More members of academic staff may now be examiners
The number of examiners at Health is being expanded. This is being done in order to meet the departments’ need for additional skilled members of academic staff to examine the students.
More types of academic staff can now examine the students. This means that e.g. postdocs can now, to a limited degree, carry out teaching and conduct examinations, providing the department head approves this and appoints an educational supervisor.
The departments have had difficulty in finding enough examiners for Health's different study programmes, due to the main academic area's restrictive policy on who may be allowed to conduct examinations at Health. The dean has therefore revised the guidelines.
We will still make high demands when it comes to quality
There will continue to be strict requirements for both teaching staff and examiners at Health.
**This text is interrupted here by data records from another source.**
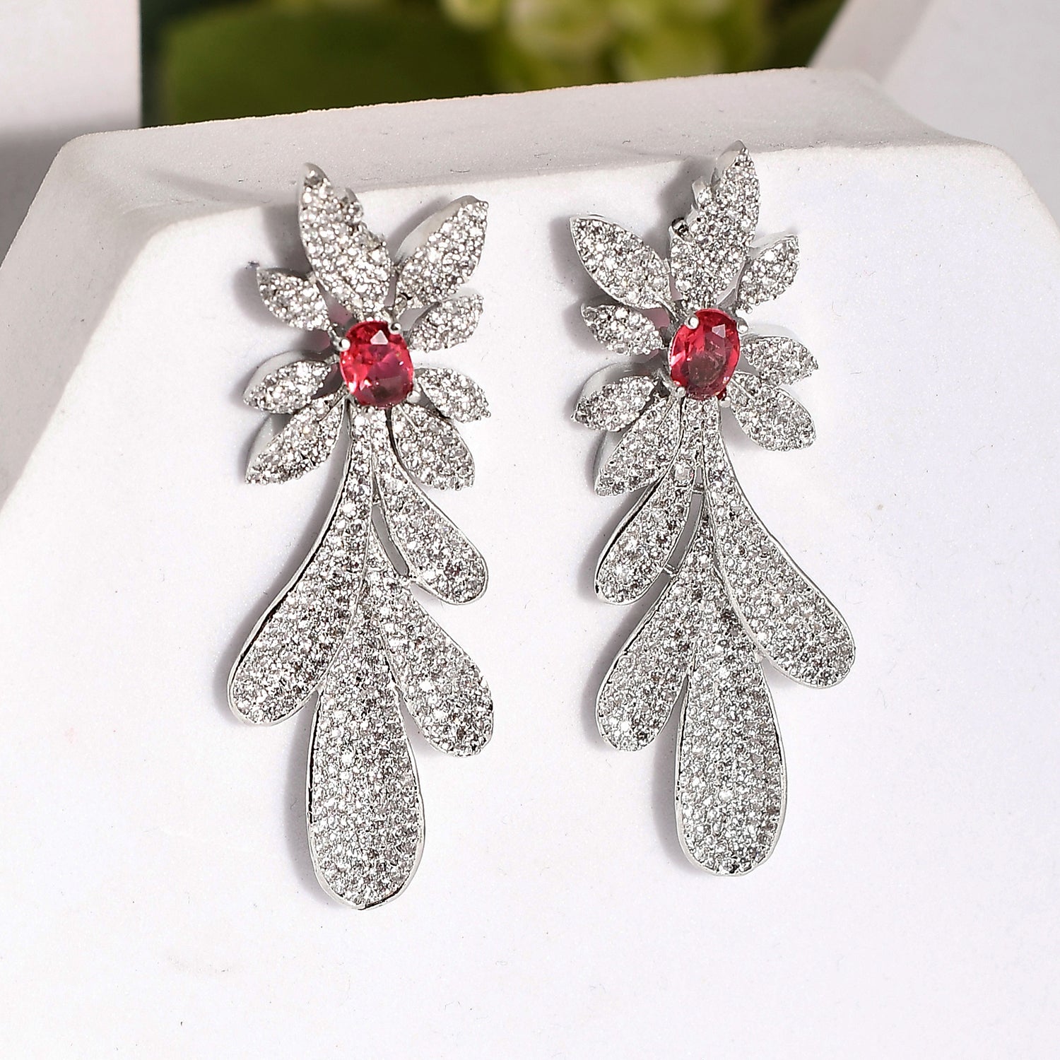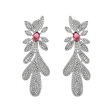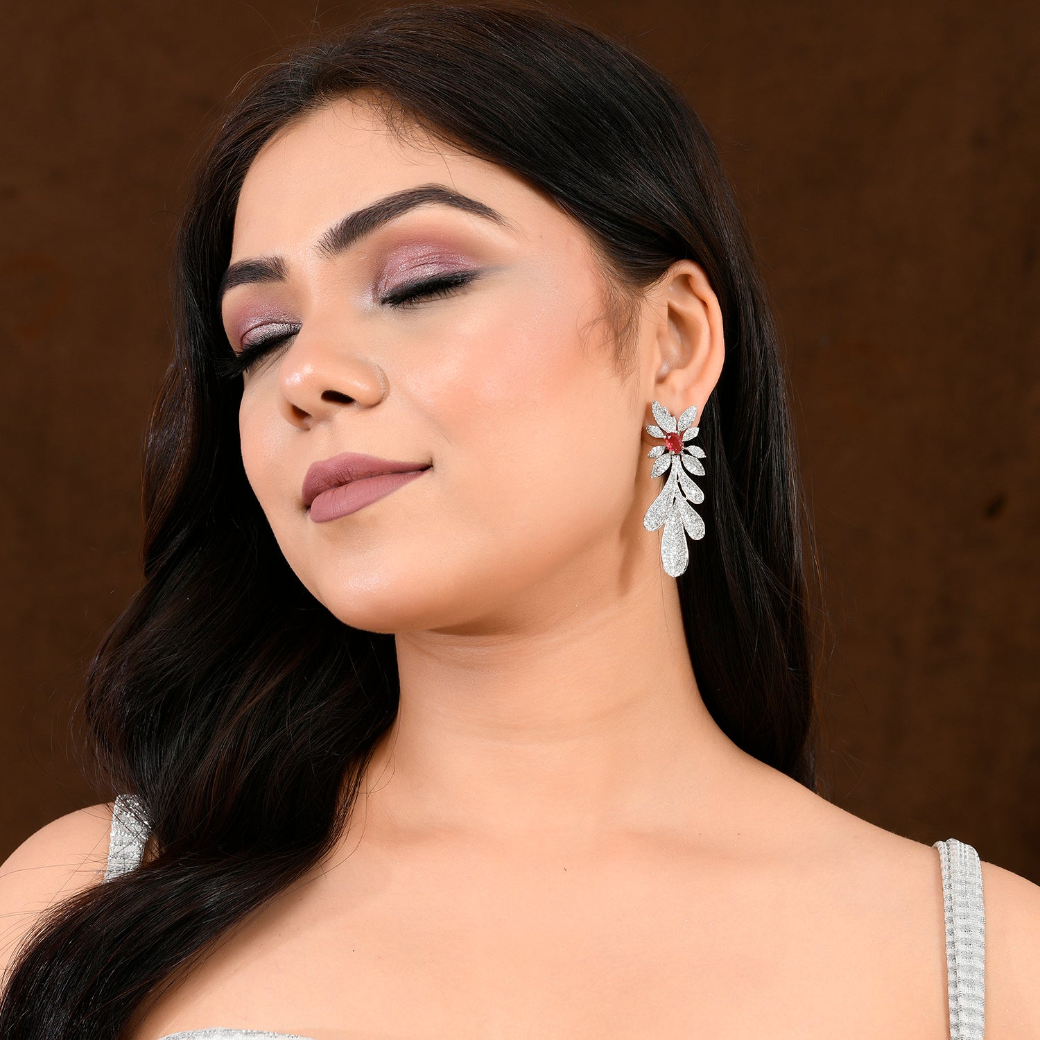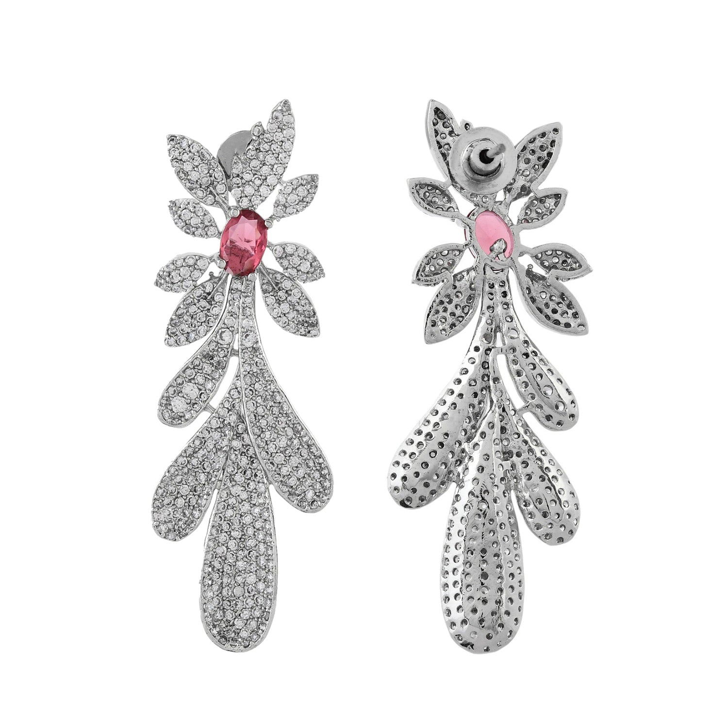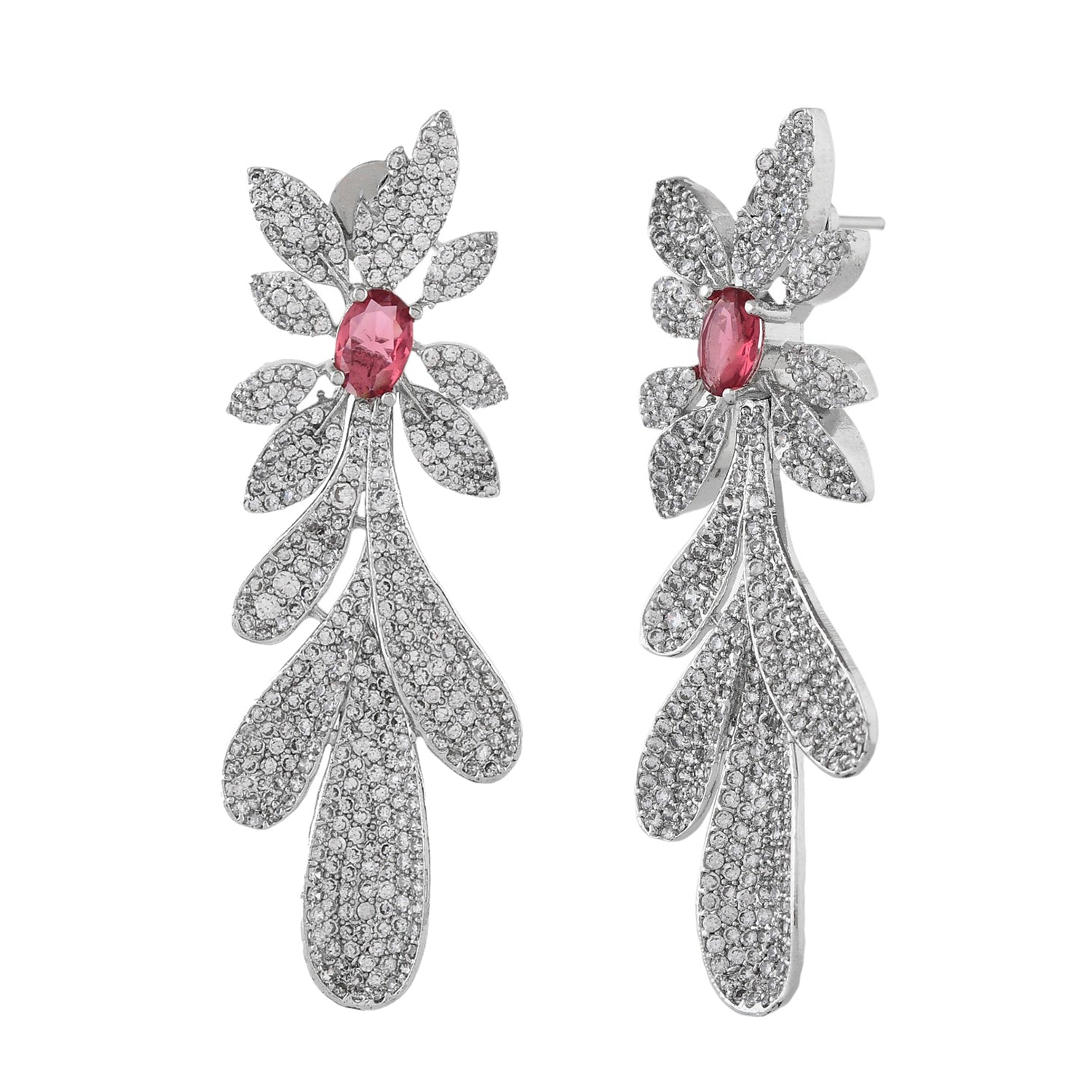 Discover the epitome of grace with these stunning long earrings, meticulously crafted from brass and adorned with a lustrous White Rhodium plating. Each earring features a captivating array of American Diamonds, exquisitely arranged to capture and reflect light with every...
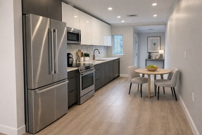 Bright and modern 3rd-floor end-unit condo in a 20-unit building with elevator access. This 1,050 sq ft home features: 2 bedrooms / 2 bathrooms – primary suite with en-suite,walk-in closet,air tub,and designer finishes. Open living & dining area – large northwest-facing windows,Kichler wall sconces,Morris & Co. Chrysanthemum wallpaper,crown molding,and ceiling medallion. Kitchen highlights – Bosch appliances,Calacatta quartz counters,LED under-cabinet lighting,French door fridge with water/ice dispenser,touchless Delta faucet,and white fireclay sink with disposal. In-unit convenience – stacked Bosch washer & dryer,Ecobee smart thermostat,heat pump HVAC,fire sprinklers throughout. Private outdoor space – sunny 200+ sq ft balcony with storage shed and wall spigot,perfect for relaxing or gardening.Building amenities – rooftop deck with gazebo and seating,lobby mailroom,elevator. Parking included – rare two deeded spots (1 garage,1 covered outdoor). MLS# 73477658
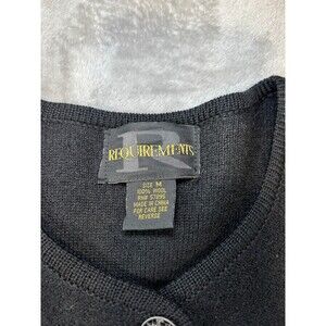 Elegant vintage Requirements 100% Wool cardigan jacket in classic black. This piece features a structured silhouette, ornate metal buttons, and refined minimalist style perfect for quiet luxury, office dressing, or building a timeless capsule wardrobe.
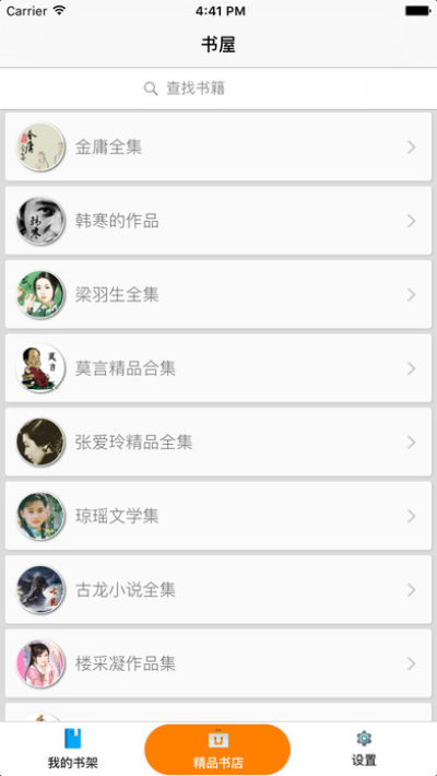 韩寒,张爱玲,琼瑶,春上春树,金庸,张小娴,巴金,莫言。。。各类名家作品随你挑。
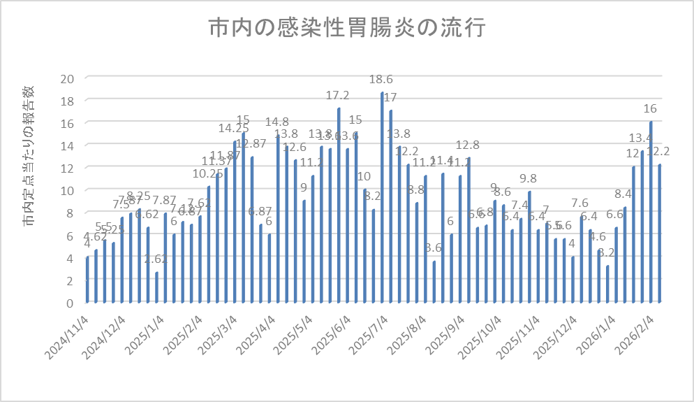 百日咳の報告は減少が続いています。激しい咳が出て、長引くのが特徴です。乳児がかかると重症になり、生後6か月以下では死に至る危険性も高いです。感染性胃腸炎が郡山市で小流行中です。
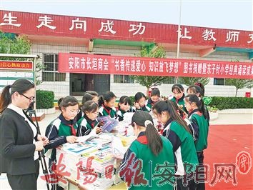 4月23日是“世界读书日”。当天下午,安阳市长垣商会在殷都区许家沟乡东子针小学举办“书香传递爱心 知识放飞梦想”图书捐赠暨读书节活动。本次活动捐赠的科学知识、少年经典文学、国学精粹及教辅类图书价值2万余元。(冯文亮 摄)
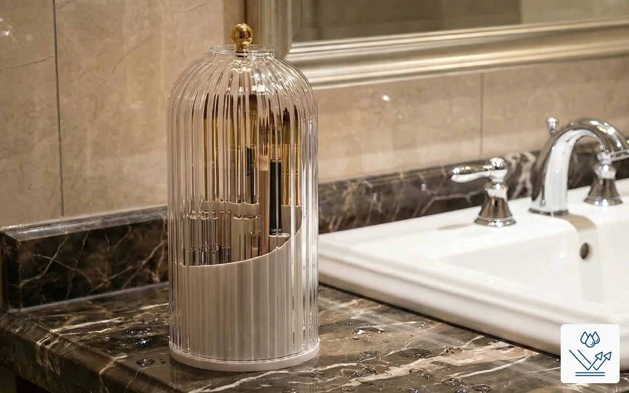 A clear lid shields your beauty tools from dust and splashes. Brushes remain fresh and spotless for flawless results every day.
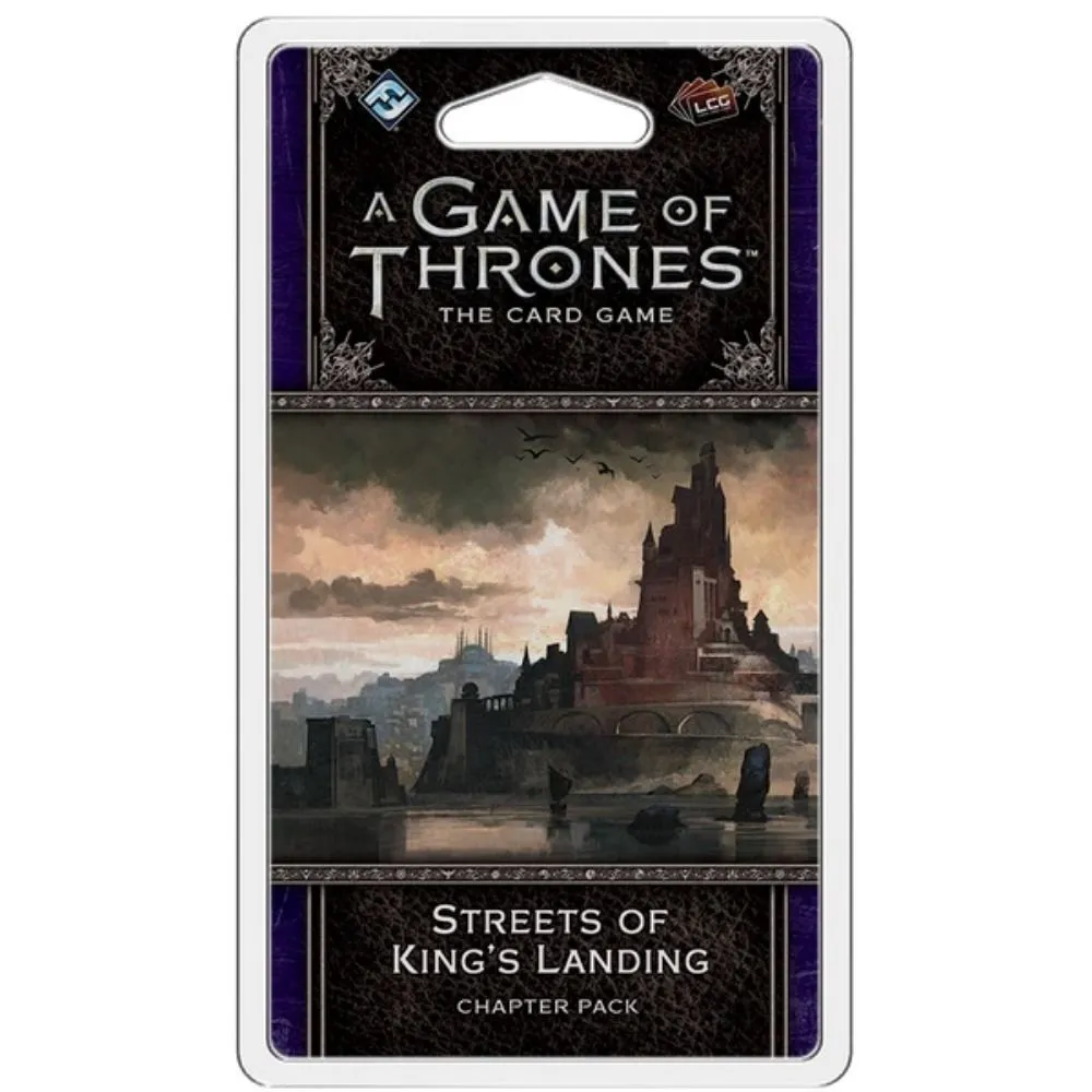 Streets of King's Landing is the third chapter pack in the Dance of Shadows cycle for A Game of Thrones: The Card Game. Containing three copies each of twenty new cards, this pack immerses you in the world of George R. R. Martin's A Song of Ice and Fire series. As the story progresses into the pages of A Dance with Dragons, those who would play the game of thrones find themselves helplessly surrounded by enemies. In King's Landing, Cersei Lannister struggles to hold onto power as the Tyrells and the Faith of the Seven split the loyalties of the capital's citizens. At the Wall, Jon Snow takes the role of Lord Commander of the Night's Watch, but has trouble balancing the demands of duty with those of morality. Finally, In Essos, Daenerys Targaryen has become the queen of Meereen, only to discover that the realities of rule differ greatly from expectations. The Dance of Shadows cycle reintroduces the player-favorite Shadow mechanic from A Game of Thrones: The Card Game First Edition. This mechanic increases the tension of your encounters, keeping games steeped in mystery and a constant fear of the unknown. As the sun sets on Westeros, you must decide how much of yourself you are willing to sacrifice in order for your plots to come to fruition.
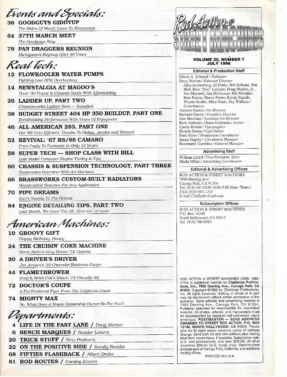 Reviews ROD ACTION & STREET MACHINES 1996 JULY - '66 283 TO 90'S, '67 RS/SS CAMARO
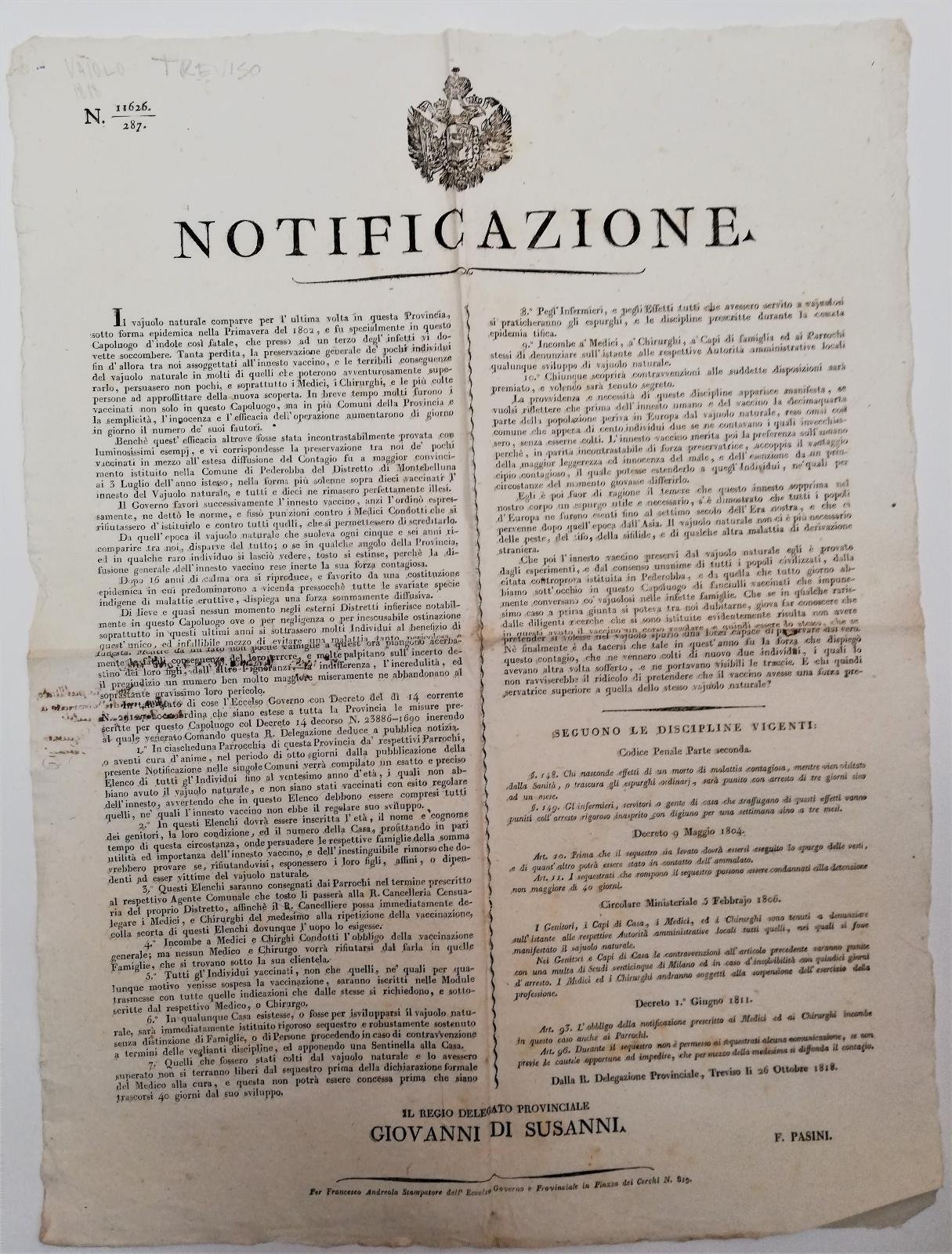 Il delegato Giovanni di Susanni ordina che in ciascuna parrocchia sia fatto un elenco di tutti gli individui fino al ventesimo anno di età che non abbiano avuto il vaiolo naturale. Il bando spiega che il vaiolo è ricomparso dopo 16 anni e nel 1802 a causa di questa epidemia un infetto su tre perse la vita.
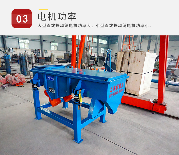 大型直線振動(dòng)篩電機(jī)功率大,小型直線振動(dòng)篩電機(jī)功率小,看您的篩分要求產(chǎn)量大就選大型直線振動(dòng)篩,因?yàn)楣β蚀螅暮Y分要求產(chǎn)量低的話就選用小型直線振動(dòng)篩,電機(jī)功率小的
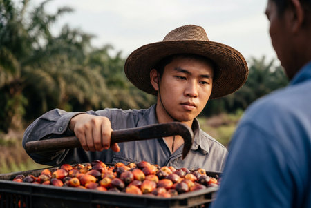 Young Asian male farmer wearing brown hat and grey shirt, holding dark wooden handle, inspecting palm fruits in crate, agricultural work and harvesting concept

The students must receive research-based teaching. Teaching staff and examiners must have updated educational and didactic competencies. And the requirements for the quality of teaching are high.
”The revised regulations maintain the main academic area's high quality standards in this area. At the same time, this expansion of the number of teaching staff and examiners provides better opportunities to match our multi-faceted teaching and exam situation,” says Vice-Dean for Education Berit Eika.
”The department head is responsible for ensuring that teaching staff and examiners are brought up to date academically. And it is important that we at Health are still able to document that we deliver research-based teaching. Not least in relation to the coming institutional accreditation,” says Berit Eika.